Djibouti gov't 'does not recognise the international rule of law', says DP World

A statement from DP World reiterated that Djibouti does not have sovereignty over the Doraleh container terminal
Djibouti gov't 'does not recognise the international rule of law', says DP World
Dubai’s government said the London Court of International Arbitration “confirmed the illegitimacy” of Djibouti’s seizure of the terminal.
By Bernd Debusmann Jr
Sun 05 Aug 2018 09:17 AM

Djibouti’s rejection of a London court ruling, which found it illegally seized a port facility from DP World, “demonstrates that it does not recognise the international rule of law”, the Dubai-based ports operator said in a statement.

The statement stems from a long-running dispute between the Horn of Africa country and DP World over the Doraleh container terminal, which was designed and built by DP World, who have run the terminal since 2006.

The company has been accused by Djibouti of under-managing the container terminal in favour of its main port in Dubai.

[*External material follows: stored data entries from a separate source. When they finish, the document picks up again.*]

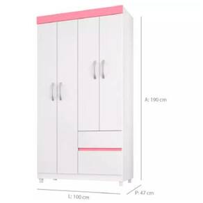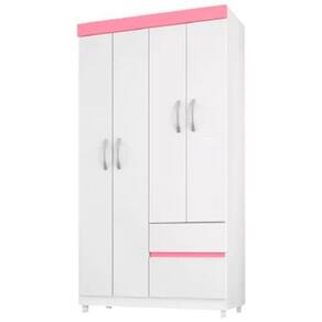 Roupeiro demobile lotus 04 pts e 02 gvt - 42060 ............ Cor: branco/rosa - voltagem: sem voltagem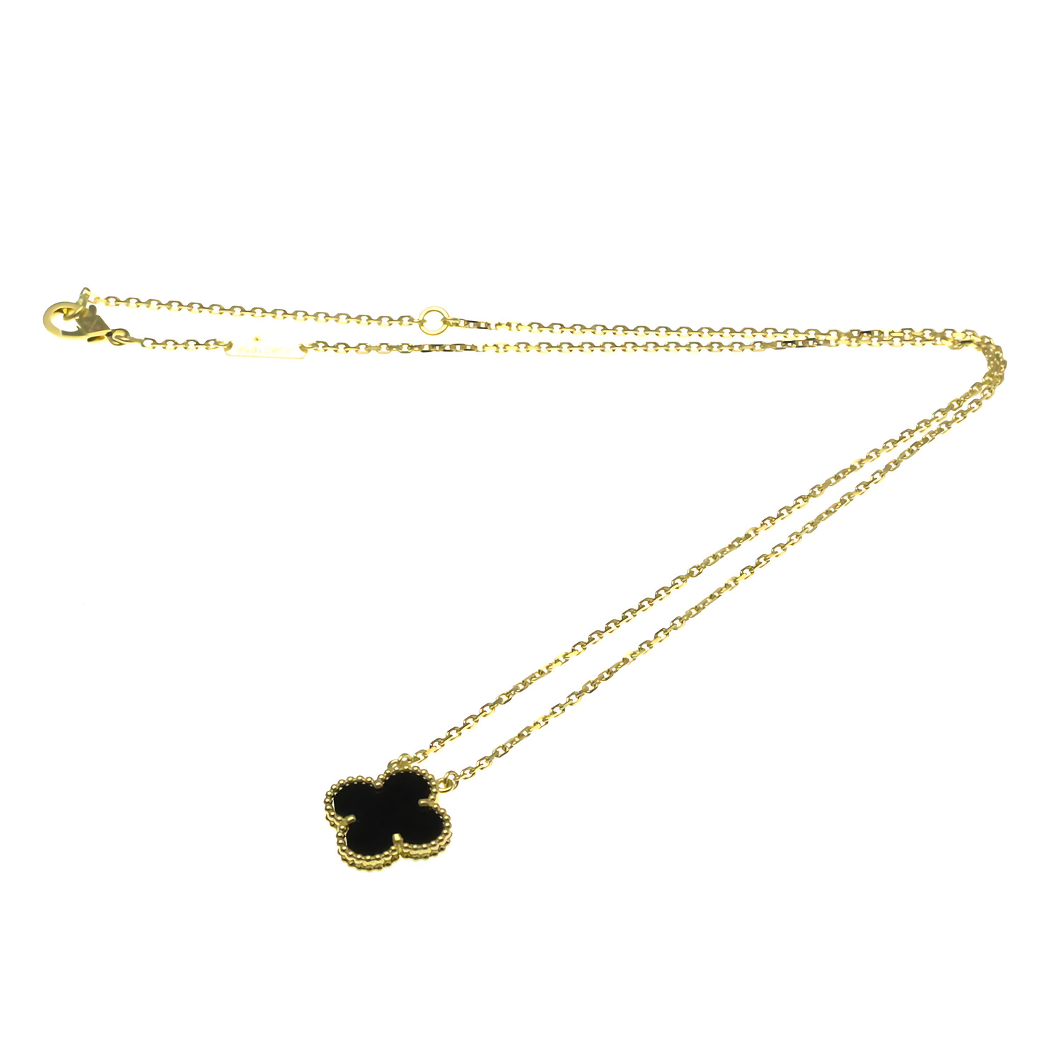 Van Cleef & Arpels // 18k Yellow Gold Vintage Alhambra Onyx Pendant Necklace // 14.56"-16.14" // Store Display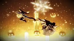 The Japanese animation industry traditionally drew every film cel by hand.[30] This is labor-intensive and inefficient; the cels are generally non-reusable, and errors are difficult to correct. This method is called the 2D approach due to the conception of the source images in only two dimensions. The use of computers and graphics software introduced computer graphics (CG) into the industry. This reduced waste; animators can reuse digital cels to correct errors and make changes. Increasing computer power spread the use of three-dimensional graphics software to create 3D models and environments, and render them as 2D images. This 3D approach requires more resources to create the 3D models, but production teams can correct errors or remake film sequences much faster than the traditional 2D approach. The 2D-3D hybrid approach in Karas was due to budget and aesthetic concerns. The 2D approach allowed greater artistic details and creativity, and the 3D approach could save resources.[30] Sato, however, disapproved the common notion of using the 3D approach for economic concern. He pushed the team to enhance image quality with detailed CG. He was also dissatisfied with computer lighting effects, and ordered the animators to draw them by hand.[32] Due to the bright colors of the original cels, they darkened the images and concentrated on areas where shadows should be, leaving untouched the areas where light falls on.[33]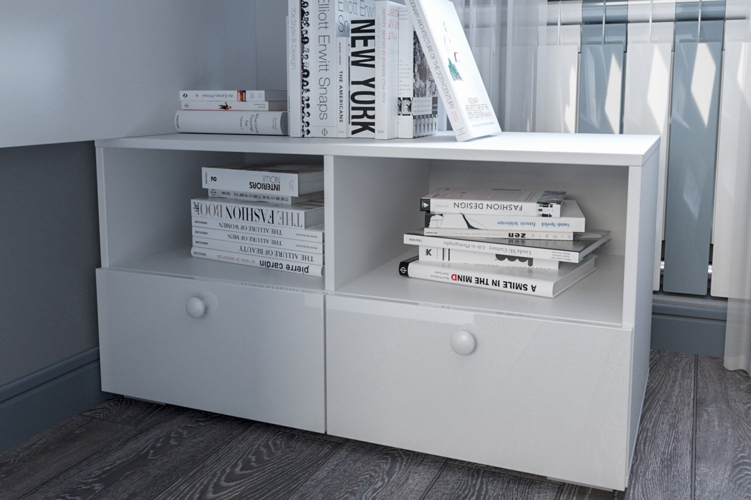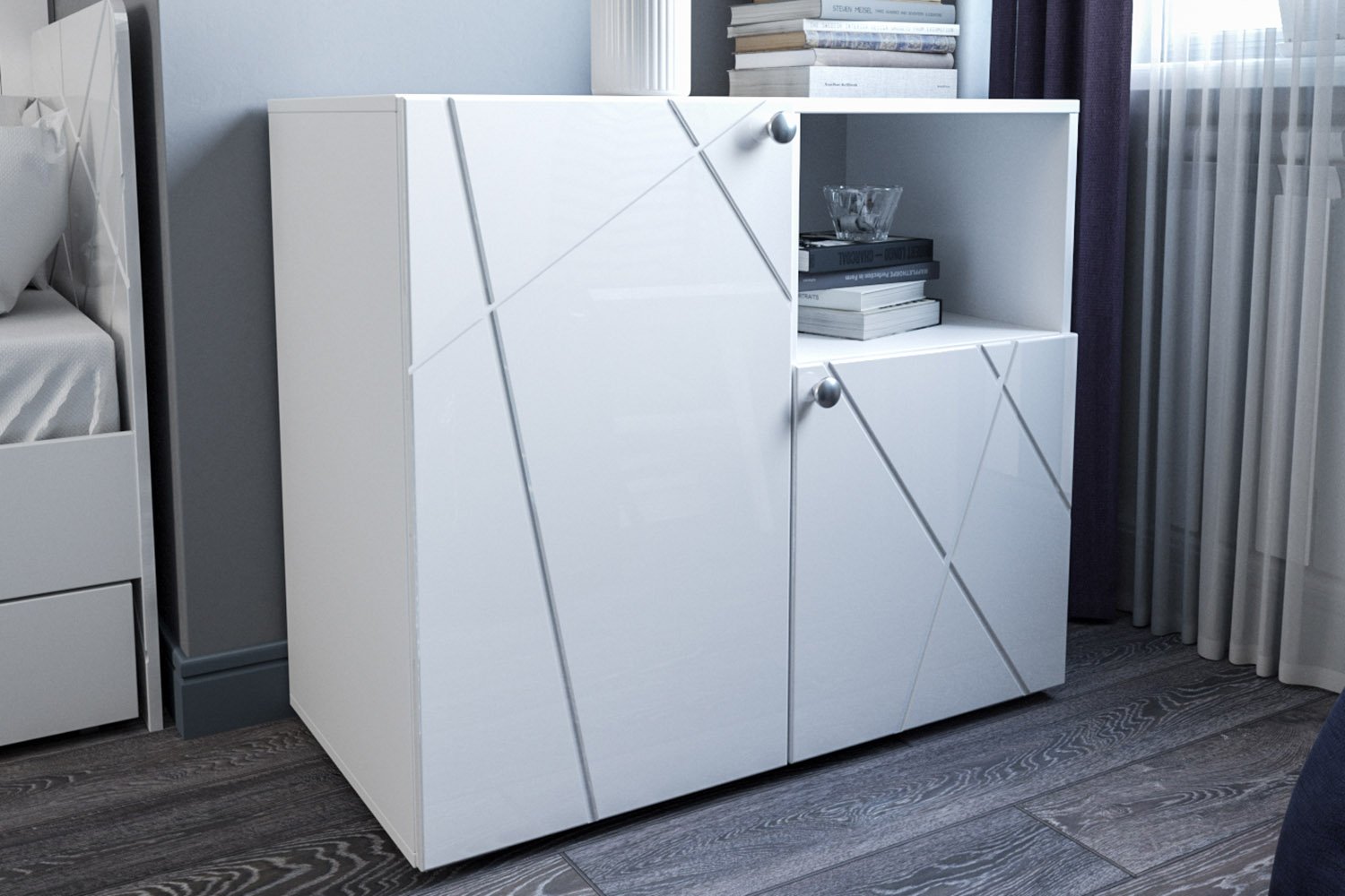 Производится из ЛДСП/МДФ. Цвет мебели белый с глянцем, фасады с фрезеровкой. . Петли дверей без доводчиков BOYARD. Ящики на роликовых направляющих без доводчиков. Ручки "кнопки" пластиковые.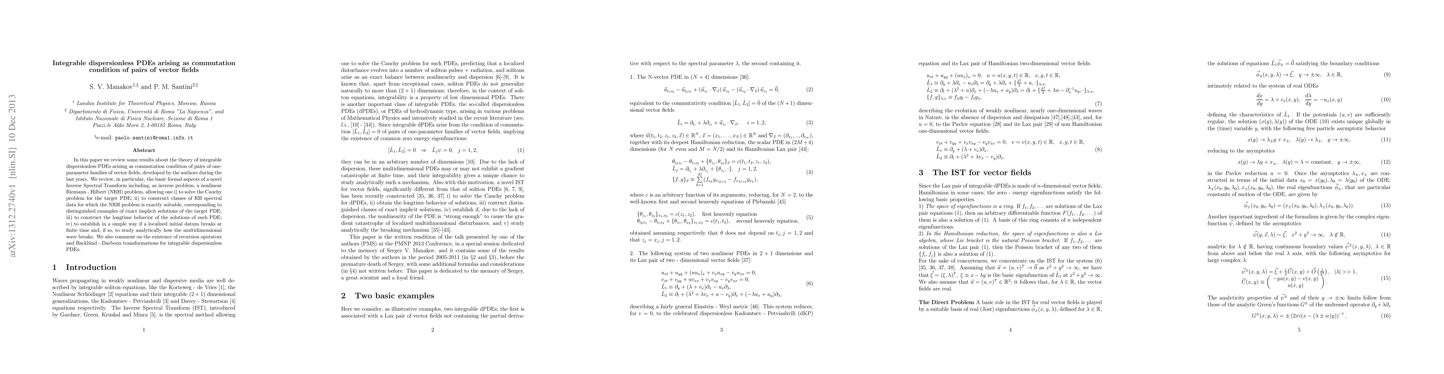 This paper reviews the development of integrable dispersionless PDEs from commutation conditions of vector fields, focusing on a novel Inverse Spectral Transform that solves the Cauchy problem, constructs solvable spectral data, analyzes long-term behavior, and determines finite-time breaking of localized initial data. It also discusses recursion operators and Backlund-Darboux transformations for these PDEs.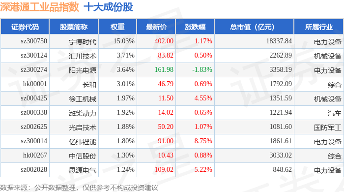 证券之星消息,9月30日,深港通工业品(983069)指数报收于6399.95点,涨1.21%,成交2382.79亿元。当日该指数成份股中,上涨的有185家,新雷能以20.0%的涨幅领涨,下跌的有121家,易成新能以7.14%的跌幅领跌。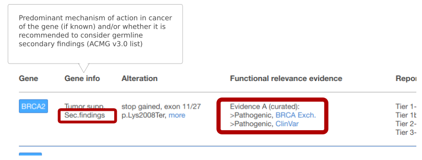 the interpretation of analyzed variants. On one hand, general insights into the role of each affected gene in cancer are available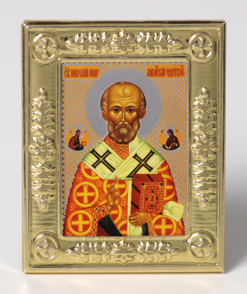 Благодаря наклейке на обороте, икона святого Николая Чудотворца в металлической рамке подойдет для размещения в автомобиле.

Earlier this year, DP World’s 50-year contract was terminated.

On Thursday, Dubai’s government said the London Court of International Arbitration “confirmed the illegitimacy” of Djibouti’s seizure of the terminal.

The move was swiftly condemned by Djibouti’s presidency, which said “it does not recognise this arbitral award which consists in qualifying the law of a sovereign state as illegal.”

In the DP World statement, the company said that the London court’s decision “is based on recognised principles of international law and is internationally binding both on the Djibouti government and so far as third parties are concerned.”

The statement added that ‘as the court has held, Djibouti does not have sovereignty over a contract governed by English law.”

“It is well established that, in the absence of an express term to that effect, an English law contract cannot be unilaterally terminated at will,” the statement noted. “The contract therefore remains in full force and effect.”

Additionally, DP World said that it believes that the statements from the Djibouti government are contrary to the country’s interests, and that two previous cases brought by the government have been “even handed and fair”.

“In light of that indisputable success [of the terminal] and the fair and reasonable terms of the concession, the government’s attempts to terminate it cannot have anything to do with the fundamental interests of the people of Djibouti.”